Ken Bainbridge directed the Trinity Test. He always said he was glad the test was a success because otherwise he would have had to climb the tower to investigate what had gone wrong.
Ken was forty at the time of the test and a married father of three. He was a Harvard University physics professor who had relocated his family to Los Alamos, New Mexico, so that he could work on the Manhattan Project, one of the most top-secret endeavors in history.
Ken and his nine-year-old son, Martin, drove from Cambridge to Los Alamos in early July 1943. In late August, after Ken had arranged for their housing, my grandmother, Margaret Bainbridge (Peg), brought daughters Margaret (Margi) and Joan out to Los Alamos on the train. Joan was six. My mother, Margi, was fourteen months old. She learned to walk on the train to New Mexico. They lived at Los Alamos for the next two years.
The Bainbridges moved into a two-family house on the coveted Bathtub Row (so named because the street had the only housing units with bathtubs). Physicist Norman Ramsey’s family lived on the other side of the house. (Ramsey would go on to share a Nobel Prize in 1989.) Joan and Martin explored the new landscape, distressing the patrol guards with their utter disregard of the security fence.
Oppenheimer managed the gasoline rations so that scientists and their families could take the occasional day trip. There were picnics, mineral collecting outings, and visits to the pueblo. Joan remembers weekend fishing trips and other adventures with her father, writing, “I have some childhood memories with Dad at Los Alamos—I still have the trout rod he made for me, hand wrapped with silk . . . but, thinking about it, there are not as many as I might have imagined. He was very absorbed and then gone much of the time in the spring of ’45.” The test blast would occur on July 16, 1945.

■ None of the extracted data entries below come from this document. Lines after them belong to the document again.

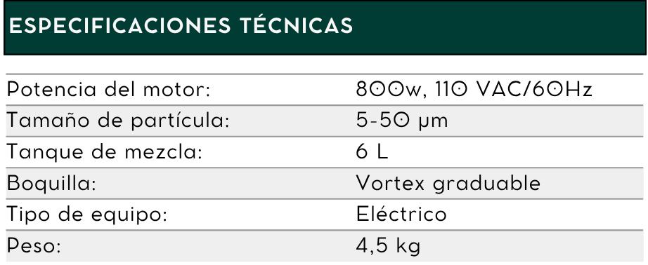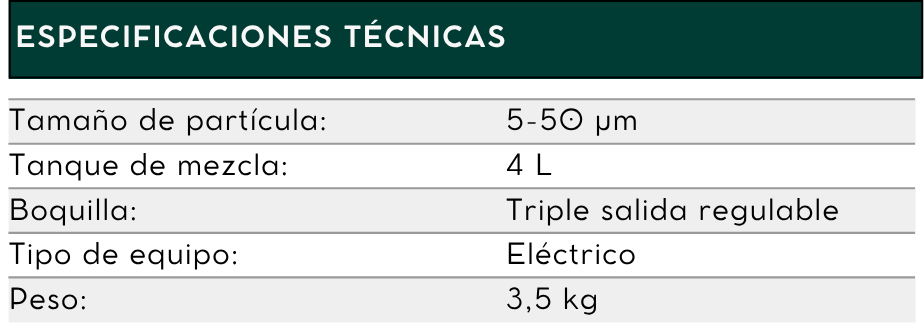 Diseñado para quienes buscan precisión y calidad en cada aplicación, este equipo destaca por su construcción en materiales resistentes como aluminio y bronce, que le brindan durabilidad y elegancia. Con tres boquillas ajustables y la capacidad de generar partículas desde 5 μm, logra una niebla fina y controlada, perfecta para líquidos a base de agua. Compacto pero poderoso, es ideal para trabajos exigentes en ambientes de alta exposición
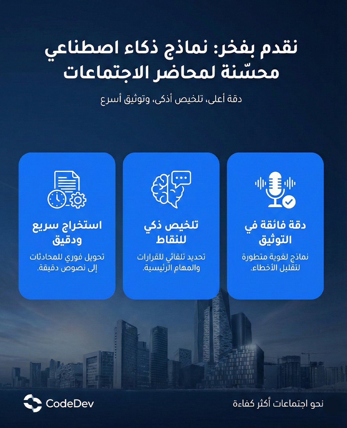 منصة ذكية مدعومة بالذكاء الاصطناعي لتسجيل الاجتماعات بدقة، تفريغها نصيًا بشكل فوري، وإنشاء محاضر منظمة تتضمن القرارات والمهام والمواعيد النهائية..
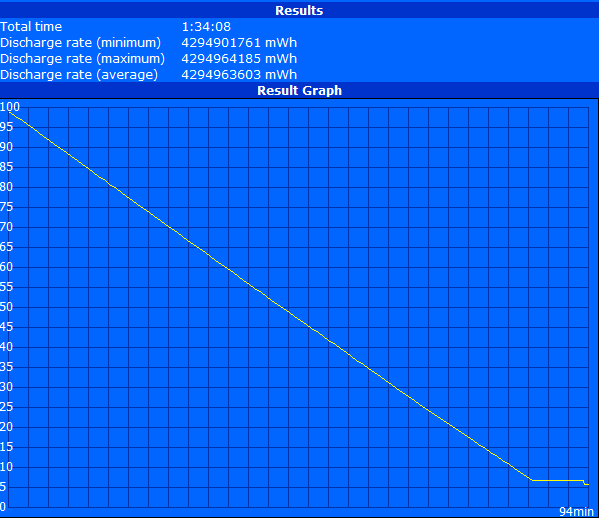 Um die minimale Akkulaufzeit aufzuzeichnen, wählten wir das Höchstleistungsprofil, maximale Helligkeit und aktivierten die eigenständige GPU. Mit dem BatteryEater Classic Test war der Akku in zirka 1 Stunde 30 Minuten leer.

After the war, my grandfather joined the numerous physicists who spoke out against nuclear weapons. But he never wavered in the conviction that developing the bomb was necessary. He later wrote in the Bulletin of Atomic Scientists that he had “a somewhat bloodthirsty viewpoint on the war” when he decided to join the Manhattan Project because he’d already heard first-hand accounts of Nazi atrocities from some of the European scientists he knew.
When I studied the history of science as an undergraduate at Harvard University in the early 1990s, I invited my grandfather to come to campus to hear a panel discussion that took place each year in one of the core science courses. Scientists such as Hans Bethe and Victor Weisskopf spoke to students about the development of the bomb and the decision to use it against Japan to end the war. Ken’s Los Alamos friends would wave from the stage, delighted to spot him in the Science Center auditorium. I was always proud to be with him. It was hardly a coincidence that my undergraduate studies focused on the history of twentieth-century physics.

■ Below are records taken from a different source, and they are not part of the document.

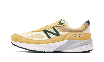 The New Balance 990v6 "Made In USA - Pale Yellow" is a colorway of the lifestyle shoe with a yellow-based design. The upper features a Pale Yellow mesh construction with yellow pigskin suede and nubuck overlays. A green “N” logo can be seen on either side of the shoe. Other green accents appear on the top eyelet overlay and on the heel. “990” branding is found on the lateral side of the heel while “New Balance 990v6” detailing is located on the tongue. New Balance combines its comfortable ABZORB cushioning with FuelCell and ENCAP technology in the shoe’s sizable midsole. Release date: August 31, 2023
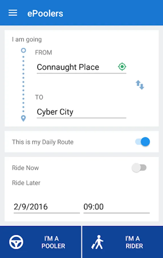 Use ePoolers mobile app to find out daily carpools & bikepools near your location. It will enable you to do your bit in controlling pollution & traffic congestion, saving environment by reducing your carbon footprint and save your wallet money as well.
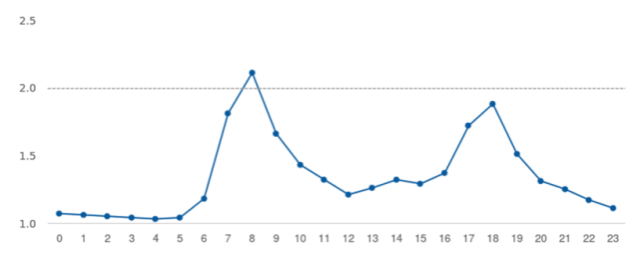 晚高峰期間,東、西、北二、三、四、五環,東六環部分路段,以及萬泉河路至圓明園西路、長安街及其延長線、通惠河北路、蓮花池東路至蓮石東路等城區道路車流集中,京藏高速、京承高速、京通快速、京港澳高速、機場高速等高速公路出京方向將出現集中車流,高峰時段預計為17:00至19:00。

Ken Bainbridge didn’t want to be remembered only for the bomb. He had many other achievements, both before and after the war, including his work on the Harvard cyclotron and the first experimental verification of E=MC2. When he chaired the Harvard University physics department in the early 1950s, Ken staunchly defended colleagues against the blacklisting attacks of Senator Joseph McCarthy. My grandfather was widely respected in his field as a careful and conscientious experimentalist and as a mentor to younger physicists. He was beloved by his family and many friends.

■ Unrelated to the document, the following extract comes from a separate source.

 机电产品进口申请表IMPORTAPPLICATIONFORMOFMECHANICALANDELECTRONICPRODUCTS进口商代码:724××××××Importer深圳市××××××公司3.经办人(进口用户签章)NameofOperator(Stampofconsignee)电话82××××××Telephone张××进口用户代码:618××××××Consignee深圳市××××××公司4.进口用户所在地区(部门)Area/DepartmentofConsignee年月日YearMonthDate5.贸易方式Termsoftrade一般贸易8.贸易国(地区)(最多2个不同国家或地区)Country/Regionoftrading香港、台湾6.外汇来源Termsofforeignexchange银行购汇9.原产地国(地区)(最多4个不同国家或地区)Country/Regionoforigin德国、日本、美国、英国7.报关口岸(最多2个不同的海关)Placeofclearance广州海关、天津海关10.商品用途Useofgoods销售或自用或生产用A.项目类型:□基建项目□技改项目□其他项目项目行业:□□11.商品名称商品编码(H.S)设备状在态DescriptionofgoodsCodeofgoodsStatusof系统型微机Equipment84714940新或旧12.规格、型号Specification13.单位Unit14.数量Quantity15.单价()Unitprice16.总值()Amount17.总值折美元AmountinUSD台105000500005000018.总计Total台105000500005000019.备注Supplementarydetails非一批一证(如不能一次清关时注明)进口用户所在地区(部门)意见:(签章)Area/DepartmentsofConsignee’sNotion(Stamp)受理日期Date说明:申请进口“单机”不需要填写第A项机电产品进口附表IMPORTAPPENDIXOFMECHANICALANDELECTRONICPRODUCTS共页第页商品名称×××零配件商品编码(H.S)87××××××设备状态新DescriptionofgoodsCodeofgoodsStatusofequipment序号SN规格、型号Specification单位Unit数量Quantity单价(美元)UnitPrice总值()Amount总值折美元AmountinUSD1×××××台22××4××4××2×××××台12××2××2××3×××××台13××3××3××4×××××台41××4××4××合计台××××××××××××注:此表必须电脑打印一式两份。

My grandfather died in 1996, shortly before his 92nd birthday. His wife, Peg, had died suddenly in 1967, several years before I was born. With both of them gone, I can’t help but wonder what transpired between my grandparents in the days after the test, when the families finally knew what really had been going on at Los Alamos. I wonder what role the experience may have played in Peg’s decision not long after the war to become a Quaker, a faith that wholly rejects violence. I now find myself drawn to the point where human history and family history intersect, in a blinding desert sky.